Dataset excerpts:
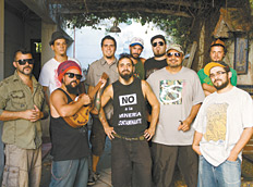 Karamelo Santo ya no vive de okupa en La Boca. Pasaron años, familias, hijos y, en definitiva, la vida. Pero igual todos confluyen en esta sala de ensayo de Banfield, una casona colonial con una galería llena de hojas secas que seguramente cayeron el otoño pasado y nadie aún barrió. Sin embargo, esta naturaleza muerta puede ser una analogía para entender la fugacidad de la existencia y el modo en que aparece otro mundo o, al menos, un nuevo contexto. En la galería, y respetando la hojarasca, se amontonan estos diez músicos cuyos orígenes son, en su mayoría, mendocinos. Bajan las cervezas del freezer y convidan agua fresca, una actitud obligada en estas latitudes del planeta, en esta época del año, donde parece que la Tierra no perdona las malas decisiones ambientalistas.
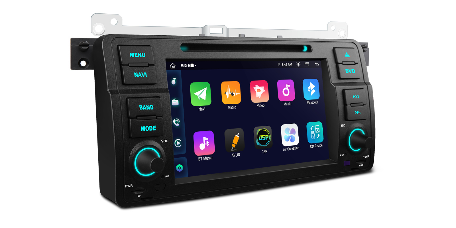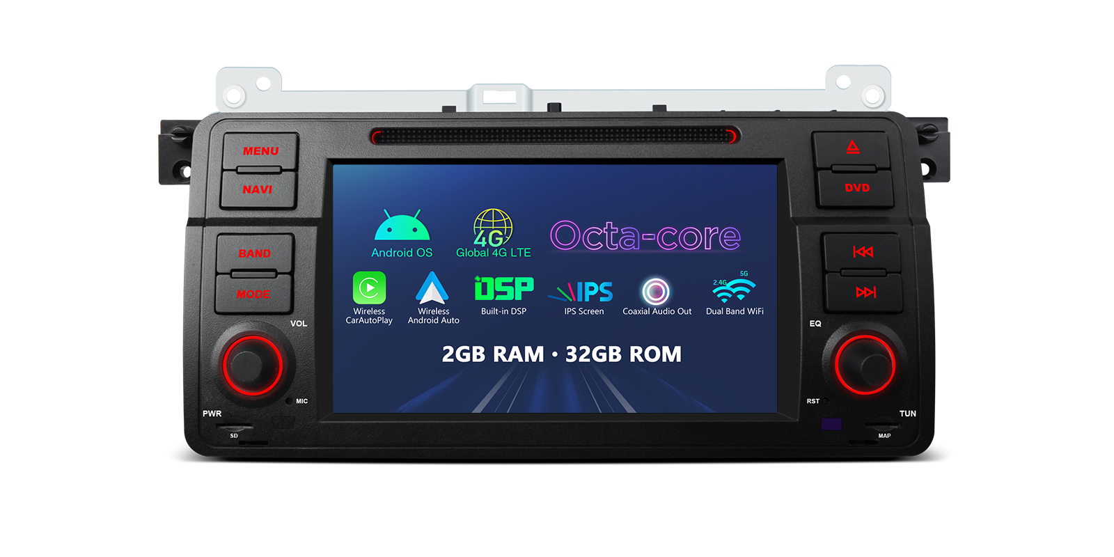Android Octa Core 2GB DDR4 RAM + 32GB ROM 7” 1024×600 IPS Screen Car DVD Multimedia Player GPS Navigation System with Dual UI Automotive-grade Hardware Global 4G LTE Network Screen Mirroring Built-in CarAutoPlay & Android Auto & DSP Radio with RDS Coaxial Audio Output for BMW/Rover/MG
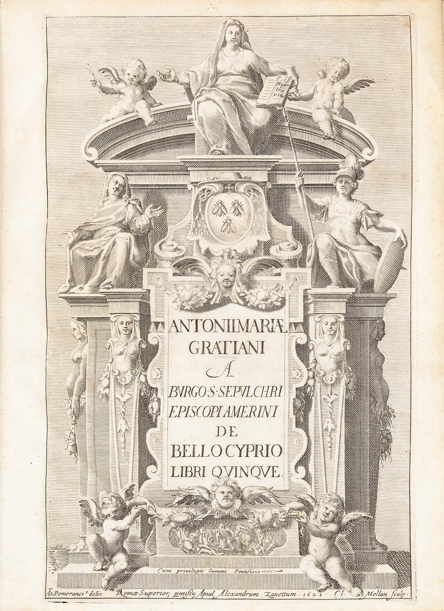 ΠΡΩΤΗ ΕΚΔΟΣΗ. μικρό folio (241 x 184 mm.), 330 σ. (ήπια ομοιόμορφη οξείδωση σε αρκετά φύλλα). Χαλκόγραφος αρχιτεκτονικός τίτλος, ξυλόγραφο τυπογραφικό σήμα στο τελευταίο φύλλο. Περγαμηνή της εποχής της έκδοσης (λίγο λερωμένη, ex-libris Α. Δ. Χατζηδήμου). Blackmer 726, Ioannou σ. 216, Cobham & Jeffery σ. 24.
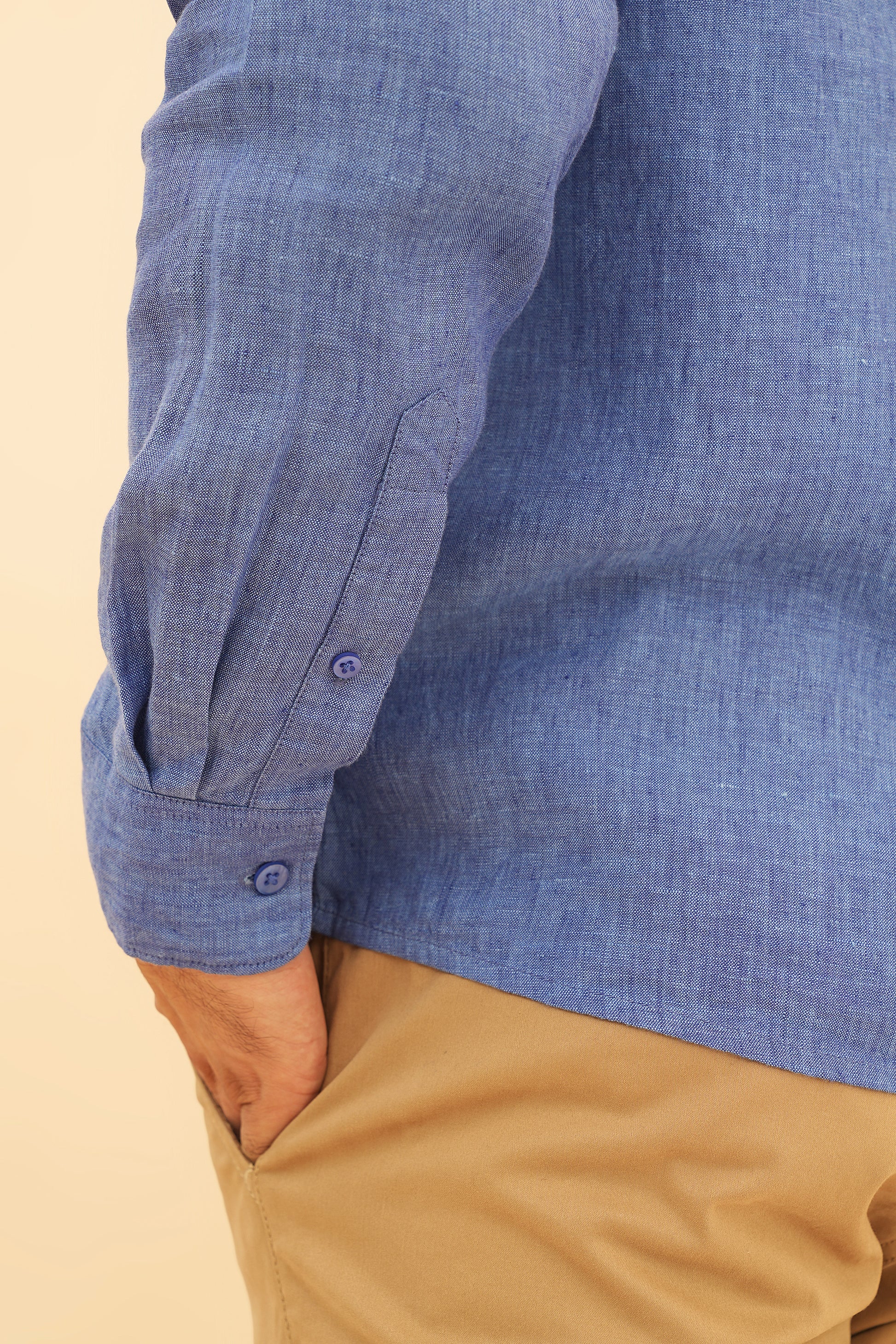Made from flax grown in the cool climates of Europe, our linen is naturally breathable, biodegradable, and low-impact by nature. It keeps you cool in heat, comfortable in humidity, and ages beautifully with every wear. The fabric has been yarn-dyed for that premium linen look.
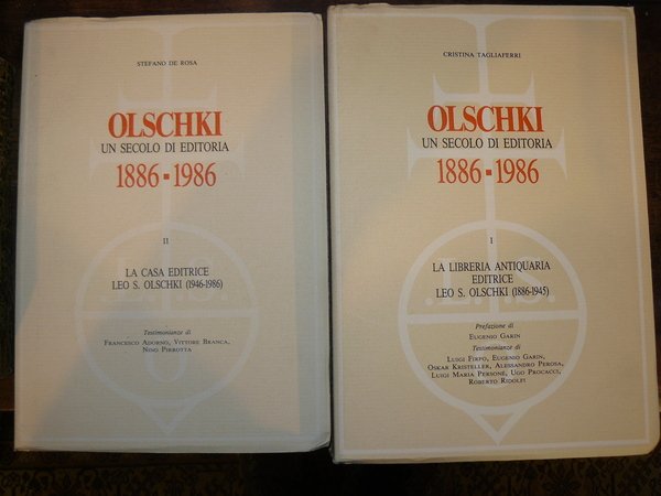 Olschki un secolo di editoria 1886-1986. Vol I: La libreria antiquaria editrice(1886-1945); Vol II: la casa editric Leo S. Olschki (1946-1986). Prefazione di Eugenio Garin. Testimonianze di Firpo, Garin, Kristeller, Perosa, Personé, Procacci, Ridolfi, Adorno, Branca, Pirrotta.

What you will do
Could you copy exactly, and with no pictures, the lines above from the one containing "Made from flax" through the last line, both included?

Solution to the exercise
Made from flax grown in the cool climates of Europe, our linen is naturally breathable, biodegradable, and low-impact by nature. It keeps you cool in heat, comfortable in humidity, and ages beautifully with every wear. The fabric has been yarn-dyed for that premium linen look.
 Olschki un secolo di editoria 1886-1986. Vol I: La libreria antiquaria editrice(1886-1945); Vol II: la casa editric Leo S. Olschki (1946-1986). Prefazione di Eugenio Garin. Testimonianze di Firpo, Garin, Kristeller, Perosa, Personé, Procacci, Ridolfi, Adorno, Branca, Pirrotta.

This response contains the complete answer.